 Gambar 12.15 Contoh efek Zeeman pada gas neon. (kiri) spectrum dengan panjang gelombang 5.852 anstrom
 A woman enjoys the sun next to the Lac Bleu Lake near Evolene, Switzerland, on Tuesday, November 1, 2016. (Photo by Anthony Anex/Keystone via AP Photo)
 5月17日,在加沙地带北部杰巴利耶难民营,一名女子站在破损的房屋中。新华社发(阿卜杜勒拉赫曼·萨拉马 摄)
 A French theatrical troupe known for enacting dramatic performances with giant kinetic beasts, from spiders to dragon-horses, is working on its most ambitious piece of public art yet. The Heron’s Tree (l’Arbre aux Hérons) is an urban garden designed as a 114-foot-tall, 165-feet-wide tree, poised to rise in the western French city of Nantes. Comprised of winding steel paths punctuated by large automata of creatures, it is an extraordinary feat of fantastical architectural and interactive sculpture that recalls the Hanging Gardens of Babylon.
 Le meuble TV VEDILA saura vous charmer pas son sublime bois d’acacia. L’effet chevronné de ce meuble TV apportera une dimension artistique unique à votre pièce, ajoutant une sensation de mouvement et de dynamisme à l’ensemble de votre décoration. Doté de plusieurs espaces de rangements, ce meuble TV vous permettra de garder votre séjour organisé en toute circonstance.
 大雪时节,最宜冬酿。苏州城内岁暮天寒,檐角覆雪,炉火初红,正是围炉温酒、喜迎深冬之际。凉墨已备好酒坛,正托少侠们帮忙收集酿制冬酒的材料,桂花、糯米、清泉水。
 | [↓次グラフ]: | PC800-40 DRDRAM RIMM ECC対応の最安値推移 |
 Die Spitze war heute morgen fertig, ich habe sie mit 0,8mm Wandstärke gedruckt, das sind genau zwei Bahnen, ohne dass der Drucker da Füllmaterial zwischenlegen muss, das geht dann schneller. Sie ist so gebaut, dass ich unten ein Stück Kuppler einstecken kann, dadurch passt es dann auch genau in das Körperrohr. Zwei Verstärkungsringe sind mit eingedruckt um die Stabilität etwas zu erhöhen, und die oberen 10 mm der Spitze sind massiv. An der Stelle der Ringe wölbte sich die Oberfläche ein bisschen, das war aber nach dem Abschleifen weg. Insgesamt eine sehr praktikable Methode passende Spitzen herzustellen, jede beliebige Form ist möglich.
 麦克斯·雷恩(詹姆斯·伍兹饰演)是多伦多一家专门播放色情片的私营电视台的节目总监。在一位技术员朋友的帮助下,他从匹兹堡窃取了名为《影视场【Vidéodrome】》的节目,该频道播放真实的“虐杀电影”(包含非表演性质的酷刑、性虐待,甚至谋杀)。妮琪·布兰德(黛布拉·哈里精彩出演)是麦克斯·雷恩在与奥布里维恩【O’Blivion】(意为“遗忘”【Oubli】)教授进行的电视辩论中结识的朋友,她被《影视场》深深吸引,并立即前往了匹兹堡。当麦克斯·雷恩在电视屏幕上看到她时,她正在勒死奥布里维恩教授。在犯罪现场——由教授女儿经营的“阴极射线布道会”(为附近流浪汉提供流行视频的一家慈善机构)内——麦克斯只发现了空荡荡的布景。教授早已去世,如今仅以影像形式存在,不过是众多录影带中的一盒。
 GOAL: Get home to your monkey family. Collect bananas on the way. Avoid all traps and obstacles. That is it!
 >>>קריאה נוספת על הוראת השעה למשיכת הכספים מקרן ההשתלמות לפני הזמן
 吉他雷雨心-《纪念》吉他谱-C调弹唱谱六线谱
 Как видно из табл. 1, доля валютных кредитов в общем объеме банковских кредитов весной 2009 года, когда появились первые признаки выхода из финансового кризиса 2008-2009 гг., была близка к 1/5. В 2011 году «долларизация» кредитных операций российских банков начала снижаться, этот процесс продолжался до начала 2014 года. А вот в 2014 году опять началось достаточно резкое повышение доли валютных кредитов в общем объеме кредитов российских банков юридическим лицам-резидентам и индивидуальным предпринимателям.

§ §

* _DIRECTIONS_:
All of the material above should be repeated word for word.

* _SOLUTION TO THIS PROBLEM_:
 Gambar 12.15 Contoh efek Zeeman pada gas neon. (kiri) spectrum dengan panjang gelombang 5.852 anstrom
 A woman enjoys the sun next to the Lac Bleu Lake near Evolene, Switzerland, on Tuesday, November 1, 2016. (Photo by Anthony Anex/Keystone via AP Photo)
 5月17日,在加沙地带北部杰巴利耶难民营,一名女子站在破损的房屋中。新华社发(阿卜杜勒拉赫曼·萨拉马 摄)
 A French theatrical troupe known for enacting dramatic performances with giant kinetic beasts, from spiders to dragon-horses, is working on its most ambitious piece of public art yet. The Heron’s Tree (l’Arbre aux Hérons) is an urban garden designed as a 114-foot-tall, 165-feet-wide tree, poised to rise in the western French city of Nantes. Comprised of winding steel paths punctuated by large automata of creatures, it is an extraordinary feat of fantastical architectural and interactive sculpture that recalls the Hanging Gardens of Babylon.
 Le meuble TV VEDILA saura vous charmer pas son sublime bois d’acacia. L’effet chevronné de ce meuble TV apportera une dimension artistique unique à votre pièce, ajoutant une sensation de mouvement et de dynamisme à l’ensemble de votre décoration. Doté de plusieurs espaces de rangements, ce meuble TV vous permettra de garder votre séjour organisé en toute circonstance.
 大雪时节,最宜冬酿。苏州城内岁暮天寒,檐角覆雪,炉火初红,正是围炉温酒、喜迎深冬之际。凉墨已备好酒坛,正托少侠们帮忙收集酿制冬酒的材料,桂花、糯米、清泉水。
 | [↓次グラフ]: | PC800-40 DRDRAM RIMM ECC対応の最安値推移 |
 Die Spitze war heute morgen fertig, ich habe sie mit 0,8mm Wandstärke gedruckt, das sind genau zwei Bahnen, ohne dass der Drucker da Füllmaterial zwischenlegen muss, das geht dann schneller. Sie ist so gebaut, dass ich unten ein Stück Kuppler einstecken kann, dadurch passt es dann auch genau in das Körperrohr. Zwei Verstärkungsringe sind mit eingedruckt um die Stabilität etwas zu erhöhen, und die oberen 10 mm der Spitze sind massiv. An der Stelle der Ringe wölbte sich die Oberfläche ein bisschen, das war aber nach dem Abschleifen weg. Insgesamt eine sehr praktikable Methode passende Spitzen herzustellen, jede beliebige Form ist möglich.
 麦克斯·雷恩(詹姆斯·伍兹饰演)是多伦多一家专门播放色情片的私营电视台的节目总监。在一位技术员朋友的帮助下,他从匹兹堡窃取了名为《影视场【Vidéodrome】》的节目,该频道播放真实的“虐杀电影”(包含非表演性质的酷刑、性虐待,甚至谋杀)。妮琪·布兰德(黛布拉·哈里精彩出演)是麦克斯·雷恩在与奥布里维恩【O’Blivion】(意为“遗忘”【Oubli】)教授进行的电视辩论中结识的朋友,她被《影视场》深深吸引,并立即前往了匹兹堡。当麦克斯·雷恩在电视屏幕上看到她时,她正在勒死奥布里维恩教授。在犯罪现场——由教授女儿经营的“阴极射线布道会”(为附近流浪汉提供流行视频的一家慈善机构)内——麦克斯只发现了空荡荡的布景。教授早已去世,如今仅以影像形式存在,不过是众多录影带中的一盒。
 GOAL: Get home to your monkey family. Collect bananas on the way. Avoid all traps and obstacles. That is it!
 >>>קריאה נוספת על הוראת השעה למשיכת הכספים מקרן ההשתלמות לפני הזמן
 吉他雷雨心-《纪念》吉他谱-C调弹唱谱六线谱
 Как видно из табл. 1, доля валютных кредитов в общем объеме банковских кредитов весной 2009 года, когда появились первые признаки выхода из финансового кризиса 2008-2009 гг., была близка к 1/5. В 2011 году «долларизация» кредитных операций российских банков начала снижаться, этот процесс продолжался до начала 2014 года. А вот в 2014 году опять началось достаточно резкое повышение доли валютных кредитов в общем объеме кредитов российских банков юридическим лицам-резидентам и индивидуальным предпринимателям.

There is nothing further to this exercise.